By Lynne Baranski
April 07, 1980 12:00 PM

They look and feel like any other trading cards, with two differences: no smell of gum and no guys. These “supersisters,” the latest set of American kids’ favorite collectibles-flippables-tradables, are the first all-female trading cards. The original 72-woman sets are such a hit with girls and boys alike that a second is on the way with new names possibly including Julia Child and Beth Heiden. Remarkably, the 11-month-old enterprise could be in the black by this summer.

The bubblegum-less wonders range in recognition from Bella Abzug to Bonni Tiburzi, the first woman airline pilot; in age from Helen Hayes, 79, to gymnast Jackie Cassello, 14; and in achievement from surf champ Laura Lee Ching to Pulitzer Prize-winning poet Maxine Kumin.

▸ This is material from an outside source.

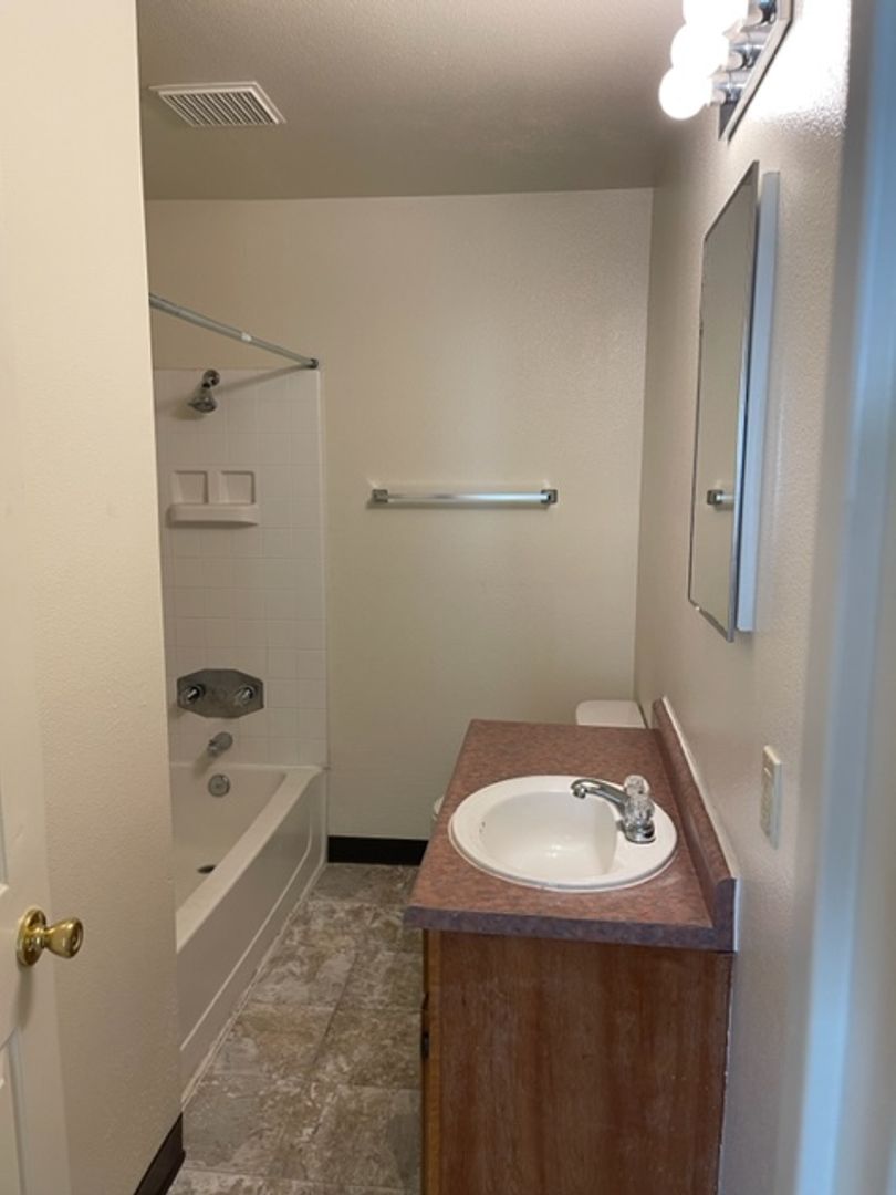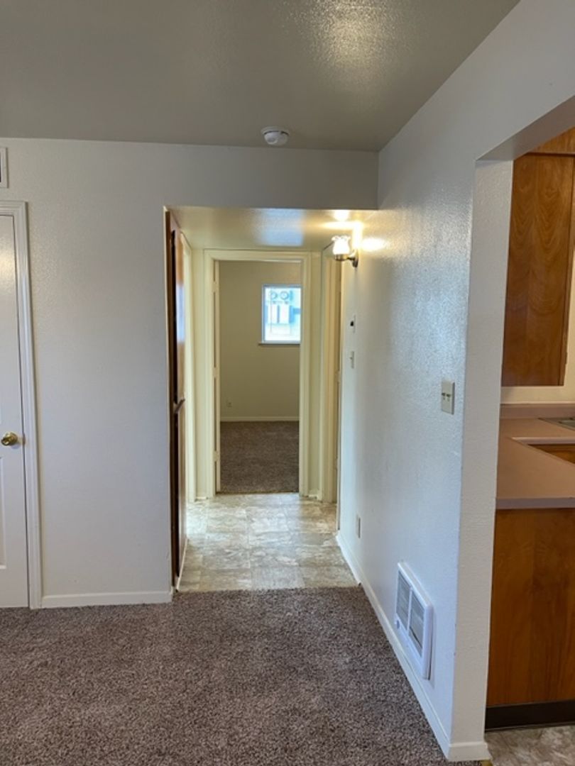 Magnolia Neighborhood, Downstairs 2 bedroom apartment with 1 bathroom and 1 assigned parking space. No Pets. Refrigerator, Electric Stove, Electric wall heaters, Swamp Cooler. Water & Garbage included. On site Laundry Room.

Supersisters is the creation of real sibs Barbara Egerman, 34, of Ridgefield, Conn. and Lois Rich, 39, of Irvington, N.Y., 40 minutes west. When Lois’ 9-year-old, Melissa, an avid card collector, asked why there weren’t any girl cards, Lois and Barbara asked neighborhood kids to name five famous women. “All they could come up with,” says Lois, “were Presidents’ wives, Cheryl Tiegs and whoever was popular on TV.” So the entrepreneurs compiled a list of 500 “women of achievement,” wrote them to request pictures and bios and ordered cards printed on the first 72 who answered. Lois’ husband, Vic, a CPA, and Barbara’s pharmacist husband, Michael, pitched in with the collating.

An initial run for local schools so delighted kids and teachers that 10,000 sets were printed for mail order (all 72 for $6 or 15 for $1). Lois contends the cards are “female, not necessarily feminist,” but Barbara, a staunch ERA supporter, says, “I’ll convert anyone I can. The cards give the message that girls can be anything they want to be.”

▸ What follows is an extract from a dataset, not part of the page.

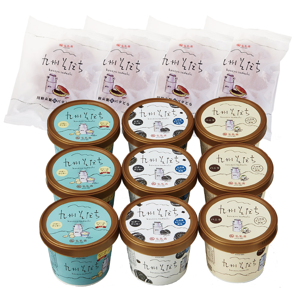 ■規格:九州そだちアイスクリーム バニラ・チーズ&クッキー・クリーム&クッキー110ml×各3個。九州そだち阿蘇山麓塩バタどら×4個
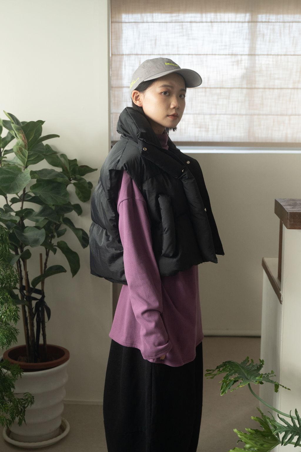 安全氣囊澎澎短版背心黑/杏/卡其

Not all supersisters were super-cooperative. Many, including Jane Fonda, never answered; some, including TV’s Shari Lewis and NOW president Eleanor Smeal, wouldn’t give their ages (Lewis is 46, Smeal 40). And many flatly refused to take part. Why? Replied an East Coast syndicated columnist: “I couldn’t stand the thought of not being traded.”